In short, if I have to use a machine without tiling WM I feel limited, in the same way I feel limited when :reload or :tabopen dw Slackware doesn't work on a Firefox without Pentadactyl (the latter one is a custom search that looks for Slackware on Distrowatch and opens the result in a separate tab). Or, maybe more common, how many vim users have already sat in front of a Windows machine, editing a file with Notepad and have automatically tried to close the window with <Esc>:wq and then had to think a few seconds why that didn't work?

sycamorex 07-16-2012 04:11 PM

Quote:

Originally Posted by TobiSGD (Post 4729829)
- I disagree with sycamorex on the netbook part, I use i3 on all my machines including the 10" netbook. It makes totally sense, you won't make much use of the tiling features, but the tabbing features are quite handy. Also, again, you can do anything with the keyboard, much more comfortable than to use those tiny touchpads and no menus, docks and window decorations needed that take away the small amount of screenspace you have.

I also use i3 on my netbook. I just don't see that it's much more beneficial than running eg. fluxbox on it. The tabbed mode here is not much different than Alt+Tab in other environments and Fluxbox can also be controlled only with the keyboard.

Generally, the bigger the display (and the bigger the number of displays), the more sense it makes to use a tiling WM.

TobiSGD 07-16-2012 04:22 PM

Quote:

Originally Posted by sycamorex (Post 4729862)
I also use i3 on my netbook. I just don't see that it's much more beneficial than running eg. fluxbox on it. The tabbed mode here is not much different than Alt+Tab in other environments and Fluxbox can also be controlled only with the keyboard.

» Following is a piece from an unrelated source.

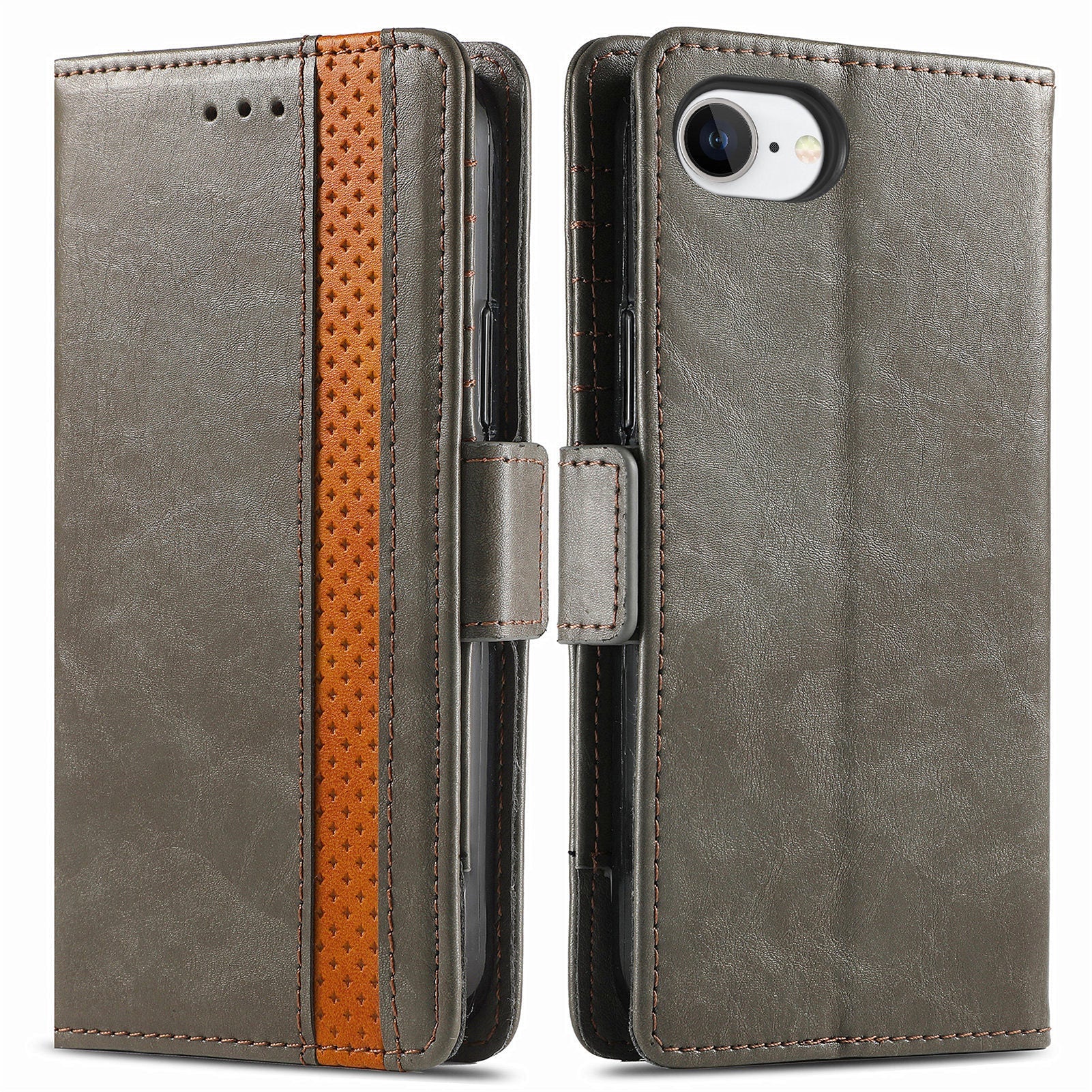 For iPhone 16e Case CASENEO 002 Series RFID Blocking Leather Wallet Stand Phone Cover - Grey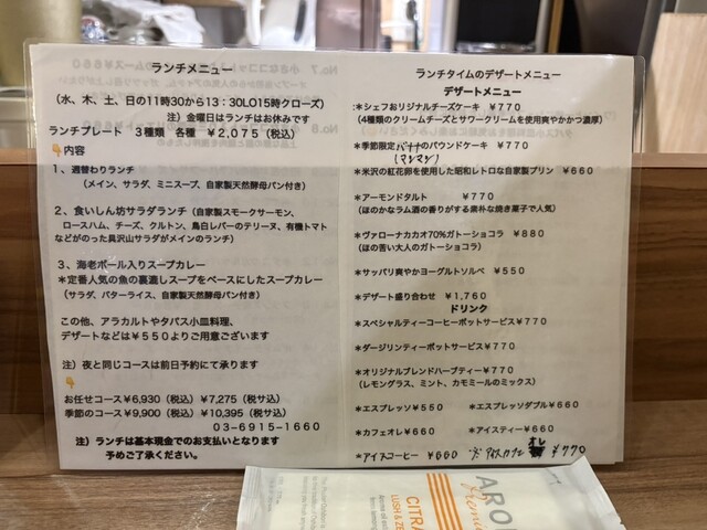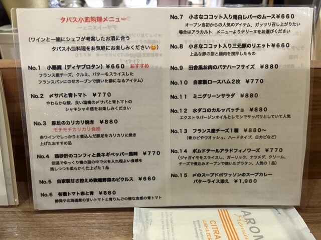 ディナーは2つのコース(¥6,930/¥9,900)のほかアラカルト・タパスも充実。予約必須のディナーコースは前菜からデザートまで季節感と技術が詰まった6品構成で、量は控えめながら満足度は高い。

Haven't tried that, so I can't comment on that. For me it just very beneficial that I can run exactly the same configuration on all my machines, so I don't have to adapt to a different setting or even a different WM on one of the machines.
of course tiling makes more sense when you use larger screens.

audriusk 07-16-2012 05:09 PM

Quote:

Originally Posted by TobiSGD (Post 4729829)
Or, maybe more common, how many vim users have already sat in front of a Windows machine, editing a file with Notepad and have automatically tried to close the window with <Esc>:wq and then had to think a few seconds why that didn't work?

This reminded me how I needed to type some math formulas in OpenOffice Writer the same year I started using Vim. After typing the formula I would quickly hit <ESC> without thinking... :doh: Took me at least twice as long to finish the document. Nowadays I am able to switch my brain to a different "mode" while typing text not inside Vim, unfortunately, sometimes I manage to press ^W to delete last word, which works great in terminals (and insert mode in Vim), but does something completely different in browsers and other GUI programs. Great way to "clear" all the form fields in some webpage. :)

As for tiling WMs, I would like to try them out some day, but I feel too comfortable with KDE to switch to something else entirely.